Data provided =
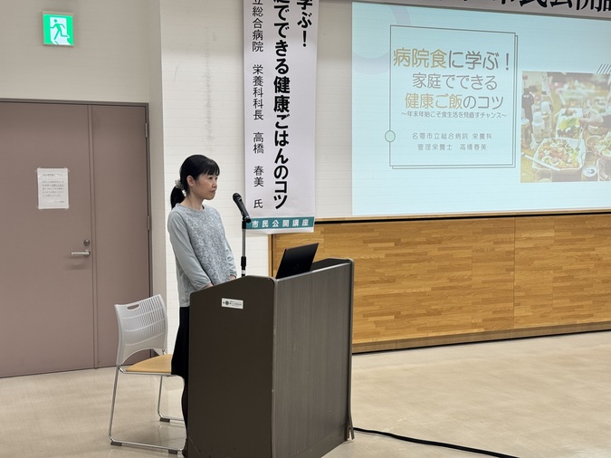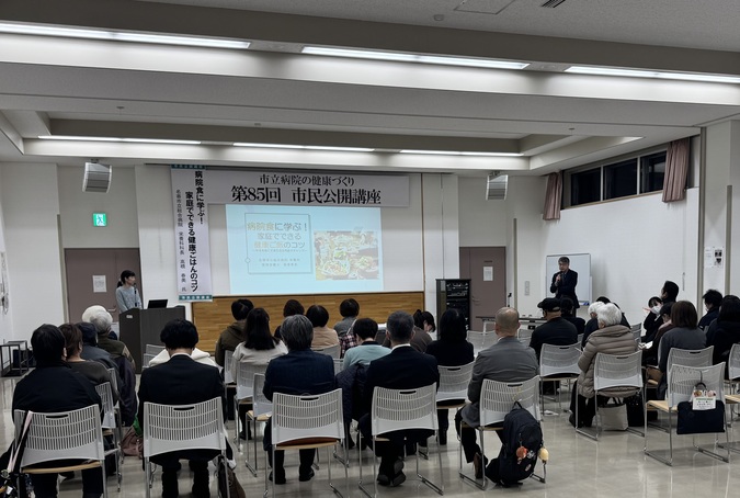令和7年11月19日、当院栄養科管理栄養士 高橋春美が講師となり、「病院食に学ぶ!家庭でできる健康ごはんのコツ ~年末年始こそ食生活を見直すチャンス~」と題した市民公開講座を開催しました。
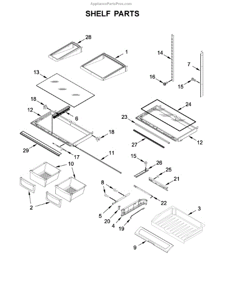 Causes of a bad shelf frame can include wear and tear from holding heavy items, accidental impact, or warping due to temperature changes. A compromised frame can lead to an unstable shelf, potentially causing damage to stored items and affecting the overall organization of the refrigerator.
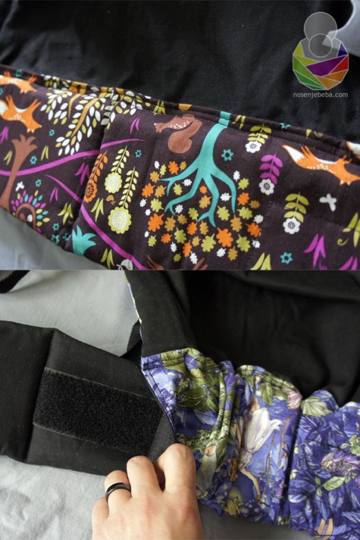Umjesto da se podeblja punjenje u naramenicama gurtne su prekinute kako ne bi na sebe preuzimale težinu i propadale kroz punjenje. Na ovaj vrlo jednostavan i iznimno učinkovit način naramenica, a ne gurtna, preuzima na sebe težinu bez osjećaja zarezivanja ili ukopavanja, a i bez nepotrebno debelih i glomaznih dijelova na nosiljci. Konačno je netko s naših prostora shvatio prednost nad masovnom proizvodnjom i industrijskim dizajnom!
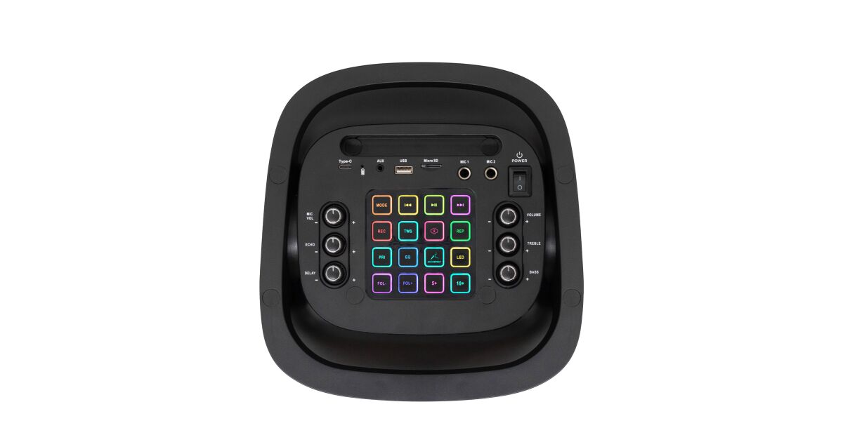 Az MP3 lejátszás USB vagy microSD eszközről, a magas/mély/EQ hangszínszabályozás minden jelforráshoz lehetőséget ad a tökéletes hangbeállításra. A telefontartó nyílás és a fehér digitális kijelző kényelmes használatot biztosít. A látványos, kikapcsolható LED fényeffektek, a két mikrofon csatlakozó visszhangosítható KARAOKE funkcióval és a mikrofon hangjának felvétele USB/microSD tárolóra tovább növelik a hangrendszer sokoldalúságát. Az AUX audio bemenet (3.5mm) további külső eszközök csatlakoztatását is lehetővé teszi.
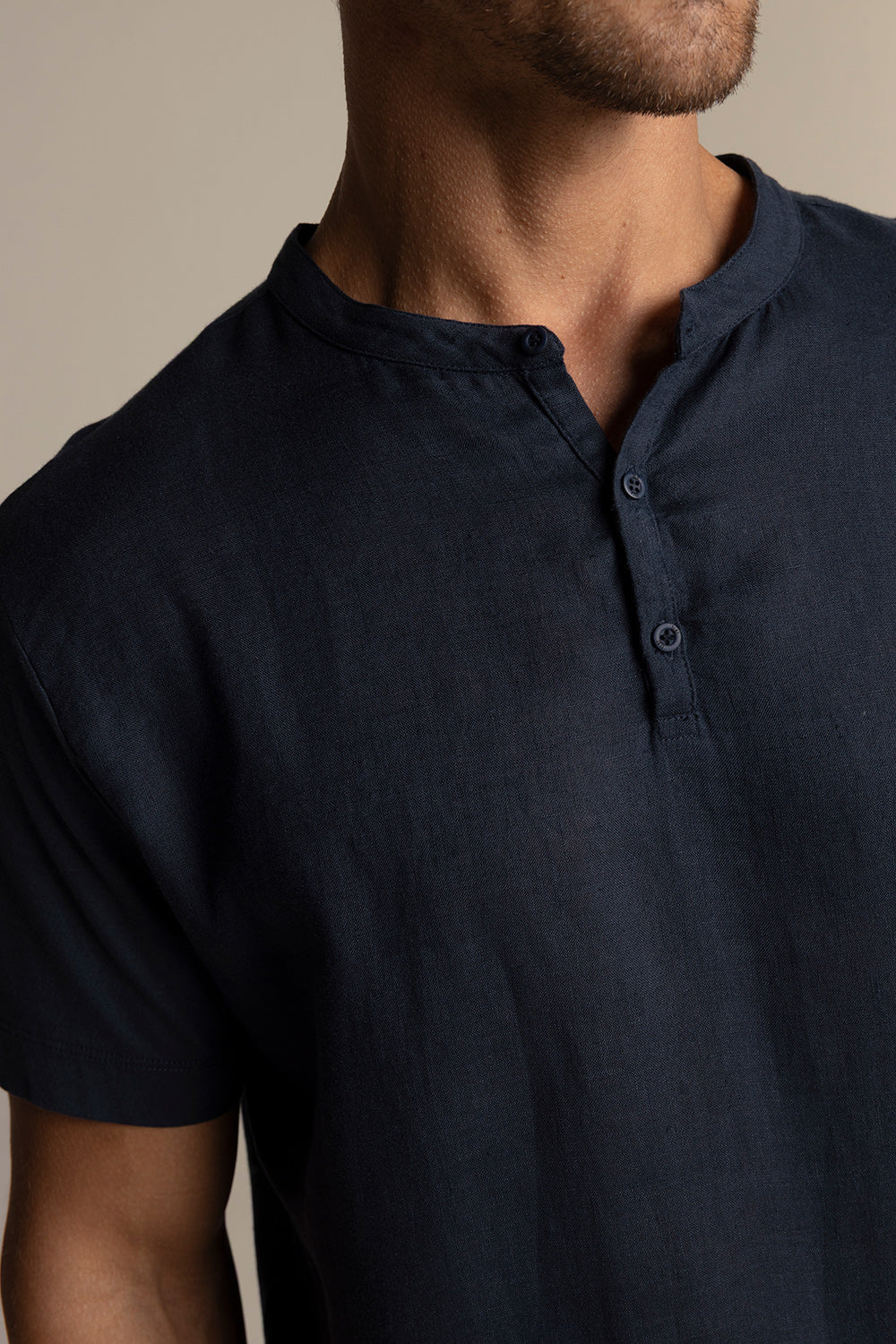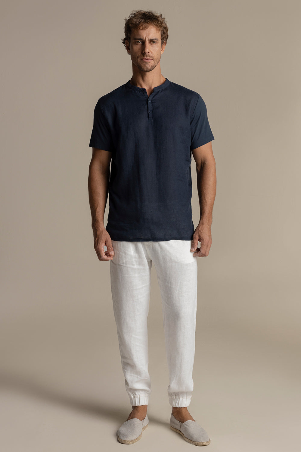 Camiseta cuba con frente en lino, espalda y mangas en algodón, manga corta y cuello nerú. Color blanco, Ref. SH38A41
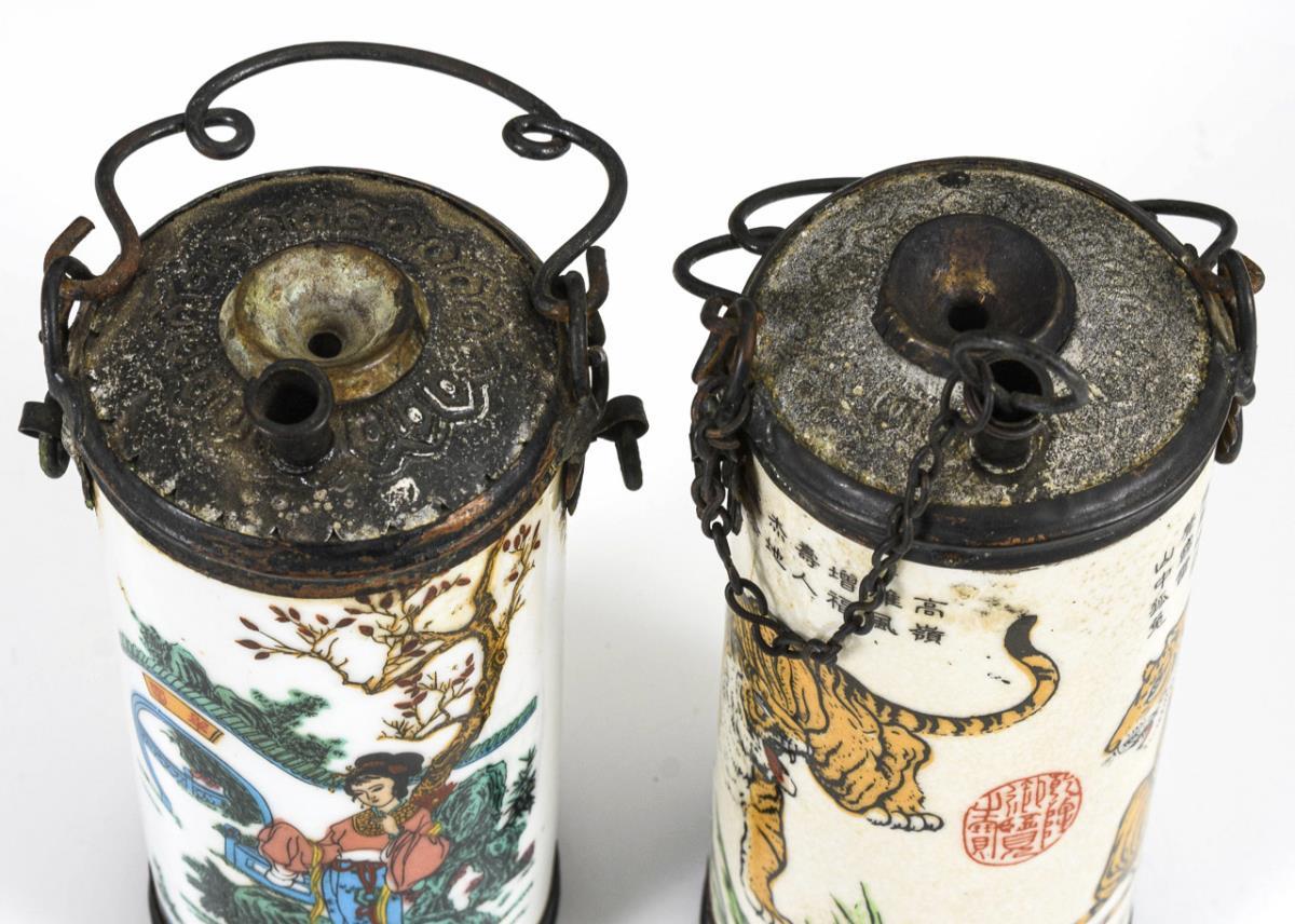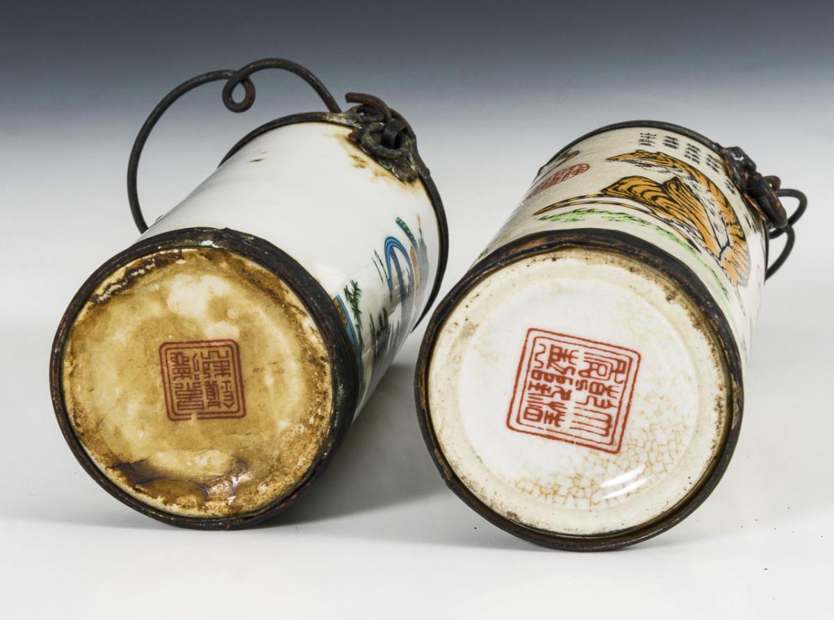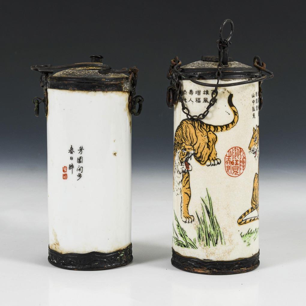Drei Tiger in verschiedenen Haltungen und zahlreiche Schriftzeichen. Glasur teils fein krakeliert. / Darstellung einer Dame in Gartenlandschaft, Schriftzeichen. Altersspuren und Patina.

Task statement = Output only the lines above from the line that holds "Causes of a" through the line that holds "Umjesto da se", both ends included, and exclude pictures.

Exercise solution =
 Causes of a bad shelf frame can include wear and tear from holding heavy items, accidental impact, or warping due to temperature changes. A compromised frame can lead to an unstable shelf, potentially causing damage to stored items and affecting the overall organization of the refrigerator.
Umjesto da se podeblja punjenje u naramenicama gurtne su prekinute kako ne bi na sebe preuzimale težinu i propadale kroz punjenje. Na ovaj vrlo jednostavan i iznimno učinkovit način naramenica, a ne gurtna, preuzima na sebe težinu bez osjećaja zarezivanja ili ukopavanja, a i bez nepotrebno debelih i glomaznih dijelova na nosiljci. Konačno je netko s naših prostora shvatio prednost nad masovnom proizvodnjom i industrijskim dizajnom!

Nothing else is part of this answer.